**REQUIREMENT:**
In the records below, find the line that contains "Bosch GEX 125" and the line that contains "Plaque commémorative des"; write out exactly those two lines and everything between them, without the pictures.

─── RECORD EXCERPTS

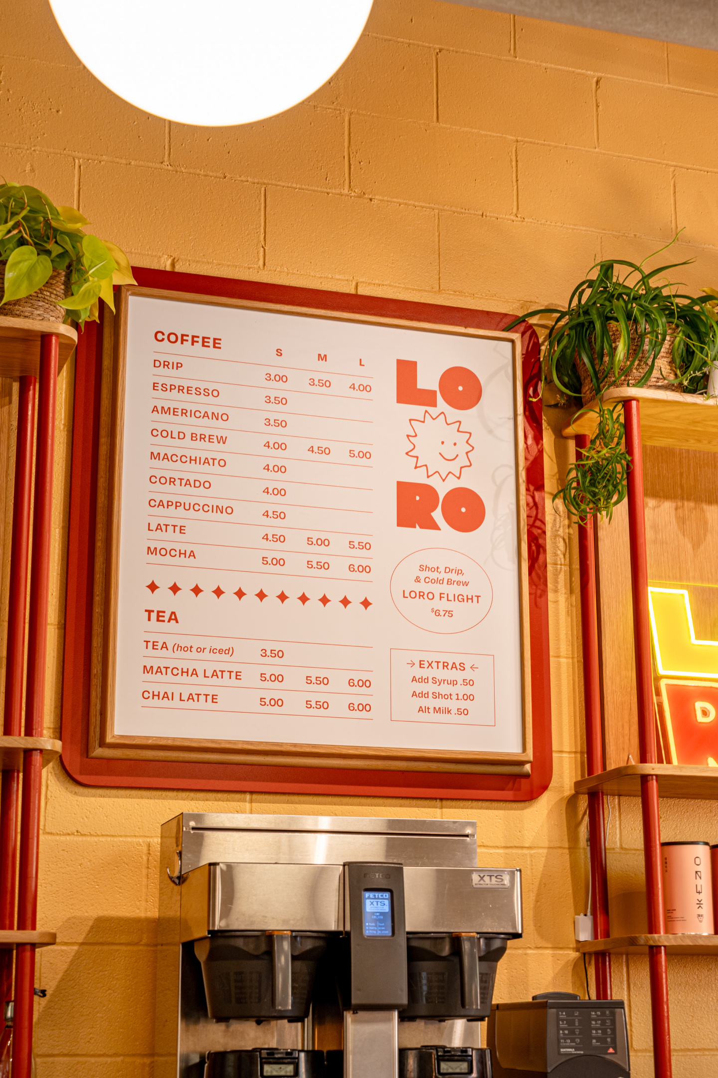 The existing space was quite blank—there were no anchored seats in the space other than in the narrow back hallway, and the front counter encroached far into the front dining area. There was a lot of open space that had yet to be utilized. The room was in dire need of sound dampening, with a tin ceiling that echoed and amplified every conversation. While Ranch is the primary business, we were also presented with the challenge of incorporating LoRo’s branding and coffeeshop offerings.
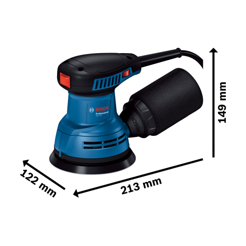Bosch GEX 125 wyposażono w silnik o mocy 250 W, który pozwala na efektywną pracę z prędkością oscylacyjną do 24000 osc./min i prędkością obrotów do 12000 obr./min. Średnica stopy szlifierskiej wynosi 125 mm, co zapewnia szybkie i efektywne zbieranie materiału. Na dużą wydajność pracy korzystnie wpływa także system odsysania pyłu pozwalający zachować czystość w polu roboczym. Narzędzie posiada regulację prędkości obrotowej, dzięki czemu w łatwy sposób dostosujesz jego działanie do wymagań konkretnego materiału.
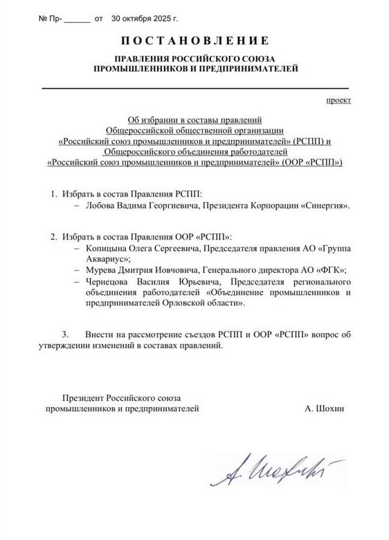 Председатель ОППОО Василий Чернецов был избран в состав Правления Общероссийского объединения работодателей «Российский Союз Промышленников и Предпринимателей».
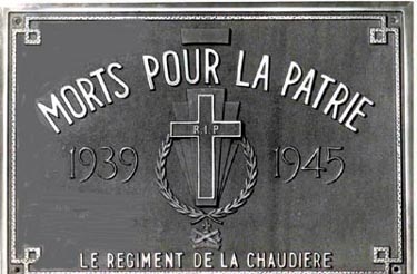 Plaque commémorative des sacrifices de la Deuxième Guerre mondiale du Régiment de Lévila Chaudière
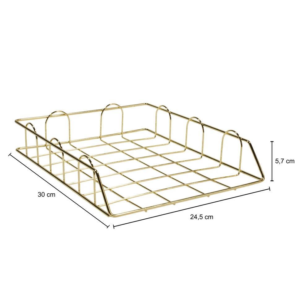 Deze QUVIO Brievenbak is een goudkleurige brievenbak die ideaal is voor thuis op je bureau,maar ook voor bijvoorbeeld op kantoor. Ondanks dat er veel via laptops en via de mail gaat tegenwoordig,zijn er toch nog talloze zaken waarvoor papier uitgeprint moeten worden of waarbij er papier ingescand moet worden. In situaties als deze is het erg handig dat formulieren netjes geordend liggen op een bepaalde plek en niet los en rommelig op tafel. In dit soort gevallen is een postbak dan ook erg handig op de werkplek. De afmetingen van de brievenbak zijn 30 x 24,5 x 5,7 cm (lxbxh).

──────

**WRITTEN SOLUTION:**
Bosch GEX 125 wyposażono w silnik o mocy 250 W, który pozwala na efektywną pracę z prędkością oscylacyjną do 24000 osc./min i prędkością obrotów do 12000 obr./min. Średnica stopy szlifierskiej wynosi 125 mm, co zapewnia szybkie i efektywne zbieranie materiału. Na dużą wydajność pracy korzystnie wpływa także system odsysania pyłu pozwalający zachować czystość w polu roboczym. Narzędzie posiada regulację prędkości obrotowej, dzięki czemu w łatwy sposób dostosujesz jego działanie do wymagań konkretnego materiału.
 Председатель ОППОО Василий Чернецов был избран в состав Правления Общероссийского объединения работодателей «Российский Союз Промышленников и Предпринимателей».
 Plaque commémorative des sacrifices de la Deuxième Guerre mondiale du Régiment de Lévila Chaudière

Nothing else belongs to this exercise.